14 Responses to “Finally, Some Good News. Bug Burgers Coming.”

  1. Actually, a lot of activity in this area. My favorite (because I had a chance to coach them on their pitch) is Six Foods…

  2. You’re probably just kidding about “Are they gluten-free?” but please don’t go there.

    Celiac disease is rare, and yet, way too many people give up gluten and foolishly claim to feel better.

    If anyone is worried, get the blood test. Most likely, your doctor will send you home and tell you to eat sandwiches with reckless abandon.

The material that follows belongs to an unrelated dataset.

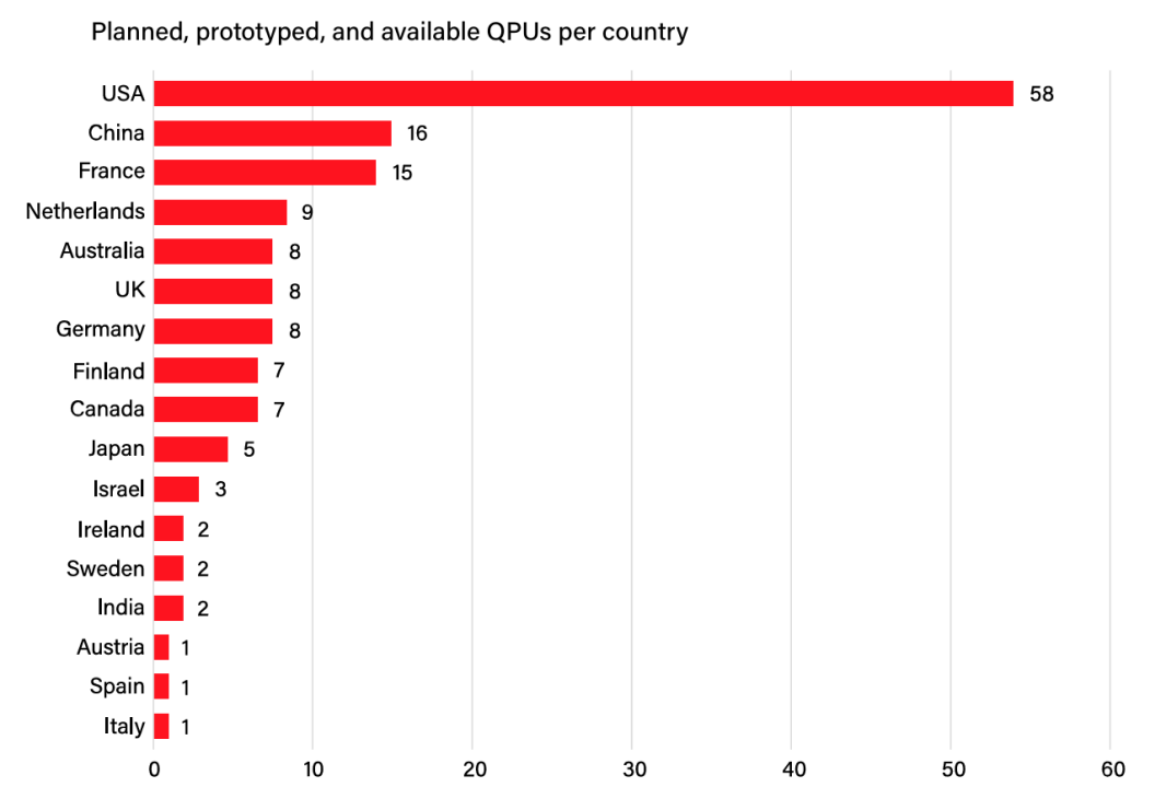 针对量子处理器,世界各主要发达国家正在参与一场实现高性能量子处理单元(QPU)的战略竞赛。截至2024年,全球商业可用的QPU数量约为40台,来自二十多家制造商。这场竞赛暂时由美国领先,美国拥有最多数量的QPU和最多样的类型(共计16款)。中国、芬兰和荷兰并列第二位(各计4款),美方学术观点认为排名后面这些国家的商业QPU性能较低,规模也小于美国。

    In any case, bug burgers sound lovely. Why is Europe leading the way on this?

  3. wpNSAlito Says:

    Bugs or no bugs, I’d like to find some meatless hot dogs like those I ate in Massachusetts in the 80s. I put so much junk on mine (mustard, relish, onions), that the dog itself is largely for texture.

  4. Gingerbaker Says:

    You would have to pay me to eat this stuff. And I still would not eat it.
    Bon appetite.

  5. Tom Bates Says:

    I tell you what, I will eat beef, you eat the insects, I have a surplus of insects and will send you all mine. My kids are not going to eat insects either even if we have to send the army to make sure the third world practices birth control.

    • dumboldguy Says:

      WARNING! Bates’ “surplus of insects” are the larvae that have been eating his brain. Anyone who eats them risks getting a variant of mad cow disease called “moronic climate change denier disease” (MCCDD). BEWARE!

      And I love the irony of “send the army”—-Bates would send OTHER people’s children to war so that HIS children don’t have to eat bugs—spoken like a true plutocrat.

  6. Tom Bates Says:

    You might note the recipe calls for yogurt which if memory serves me correctly comes from milk which is mostly from cows which if memory serves me correctly are beef as well. Apparently you cannot eat insects directly even if you are a wacko.

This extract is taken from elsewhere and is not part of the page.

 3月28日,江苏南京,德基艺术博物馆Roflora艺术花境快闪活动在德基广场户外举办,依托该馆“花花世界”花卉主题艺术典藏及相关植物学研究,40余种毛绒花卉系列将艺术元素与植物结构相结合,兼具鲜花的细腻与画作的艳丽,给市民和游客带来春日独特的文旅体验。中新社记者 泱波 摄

    Rice requires huge areas of cleared land and plenty of water along with tons of chemicals. That rice destroyed wildlife habitat in the millions of hectors so maybe the wackos do not mind destroying the world, they only want the appearance of being for Mother Ghia.

  7. dumboldguy Says:

    As the population grows and climate change negatively impacts agriculture, we are at some future point likely going to have to “eat bugs”. The Chick-fil-A cow saying “Eat Mor Chikin” will morph into a chicken saying “Eat Mor Bugs” as we slide lower on the food chain.

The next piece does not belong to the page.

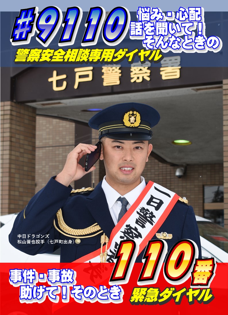 また、松山署長を起用した「110番通報や警察安全相談専用ダイヤル」、「特殊詐欺被害防止」、「自転車乗車時のヘルメット着用」、「青森県警察官募集」を呼びかけるポスターを作成したことから、今後、各種広報活動の際に活用していきたいと考えています。

    Just hope that we don’t get to the Soylent Green stage—although from a resource utilization standpoint, it does make sense to use dead humans for something useful rather than just bury them—for instance, I suggest that Bates and his ilk be freeze-dried and used for doorstops or paperweights.

    • Gingerbaker Says:

      “As the population grows and climate change negatively impacts agriculture, we are at some future point likely going to have to “eat bugs””

      I really hope you are wrong about this. Because by the time we are reduced to needing to eat bugs, society is almost certain to have collapsed. We will be eating each other in places, and dying off like mad. People will do almost anything when they have had nothing to eat for a week.

      The bright spot for us Americans is that our population, and the populations of most 1st world nations is pretty much stabilized already. The real growth will take place in areas where people 1) don’t burn much carbon and 2) have never had enough to eat.

      Which means, if we are lucky, our breadbaskets will not be decimated in 100 years, our grasslands will persevere, and we all could be happily cooking our T-bones on electric grills. And distributing food to everyone on the planet, as our global population level falls.

      But if we do not build our RE fast enough, or get unlucky with feedbacks, we are going to miss the crucial temperature mark. And our ability to raise enough food to feed even ourselves is going to be in real jeopardy. And then, it is over for the civilization we know.